The case of Sawyer & Rogers v. Adams, 8 Vt. 172, is very much in point in this case. In that instance, the town clerk had recorded a deed in a book that had ceased for a number of years to be a book in which deeds were recorded, and failed to put the names in the index. In that instance, as in this, the recorder made the usual entry of the record on the back of the deed. The court decided that the deed could not be said to be recorded, and consequently it was no notice to subsequent purchasers. The court say: “ In such cases the purchaser may be wholly free from fault or negligence. He may deliver bis deed to the proper officer, and it may be returned to him as recorded; but, through accident or design, it is not truly recorded. Subsequent purchasers or creditors, having no other means of knowledge of the contents of the deed than by resorting to the records, can not be considered as having notice of any other conveyance than such as appeared on record.” The case of Sawyer v. Crague, 10 Vt. 555, is of a similar character. There the deed was duly presented for record; but the clerk, by mistake in the description of the lot, put the words “west half,” in place of the words “east half,” in the record; the court held that no record had been made of the deed, and that a subsequent purchaser took the property without notice.

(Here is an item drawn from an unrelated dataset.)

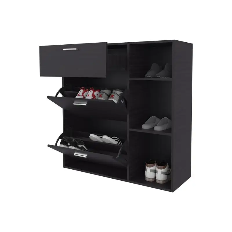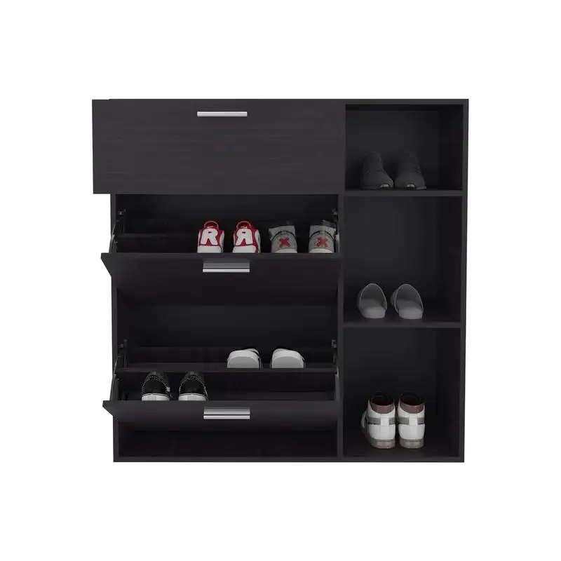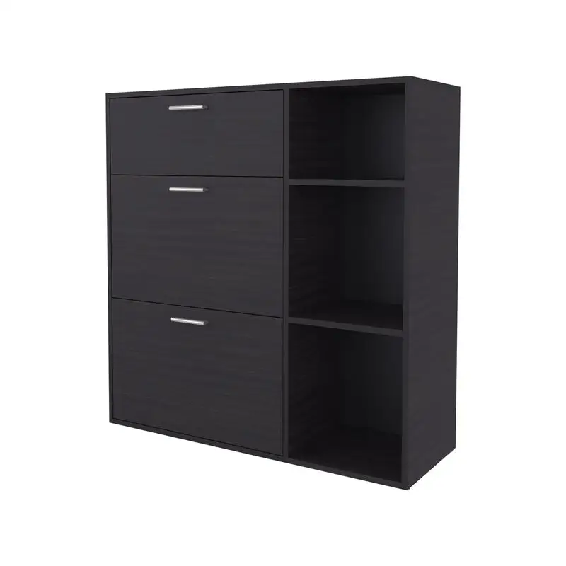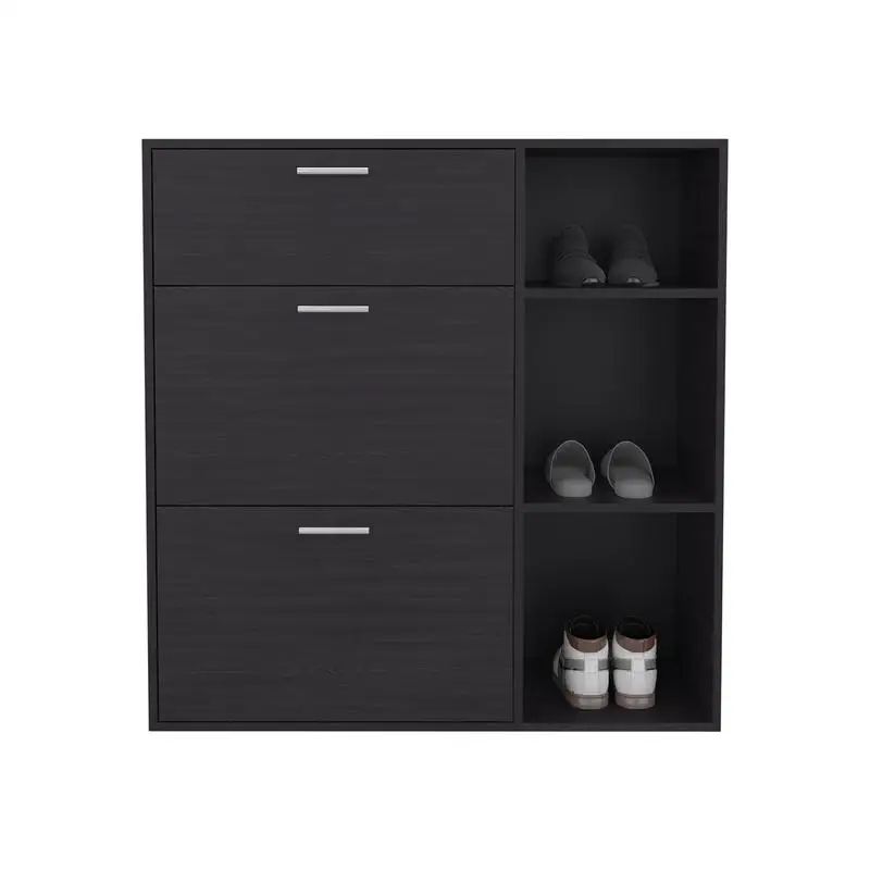 Product Name: Sierra Shoe Storage Cabinet, 2 Tilt-Out Drawers, 1 Top Drawer, 3 Open Side Shelves, Vertical Design, Entryway or Bedroom Use, Wenge

But it is contended that Jennings had a right to recover, by virtue of his mortgage; that that mortgage still remains on record uncancelled, and that the note secured by it fell due in 1845, before the commencement of the suit; that the conveyance to Jennings of the fee was merely a conveyance of the equity of redemption, and that Jennings still bad the right to set it up to protect himself against subsequent purchasers. The payment of the mortgage debt, both in equity and at law, operates as an extinguishment of the mortgage.
*228But it is said that the mortgage debt was not paid. It is true the money was never paid; but that which the parties ^treated as its equivalent was paid. A deed in fee simple was given for the property. Part of the consideration was paid in money, and the balance by Jennings delivering to Granger the note secured by the mortgage; and this was done before the note became due. When the note was thus paid off, we can not see how any vitality could remain in the mortgage that was given solely for the purpose of securing the payment of the note. The debt of Granger had ceased to exit was, as we think, paid, and if the mortgage was not entered cancelled, it should have been. Nor was there anything in the sale of the property that went to vitiate it. Jennings received a,complete title for the property, and if his deed had been duly recorded, his title would have remained perfect.
As an item of notice on the record, the mortgage merely gave notice of its own existence; the existence of no other deed could be inferred from it. We think the court of common pleas ruled correctly, both in the charge to the jury, and in overruling the motion for a new trial.
The judgment of the Supreme Court will therefore be affirmed.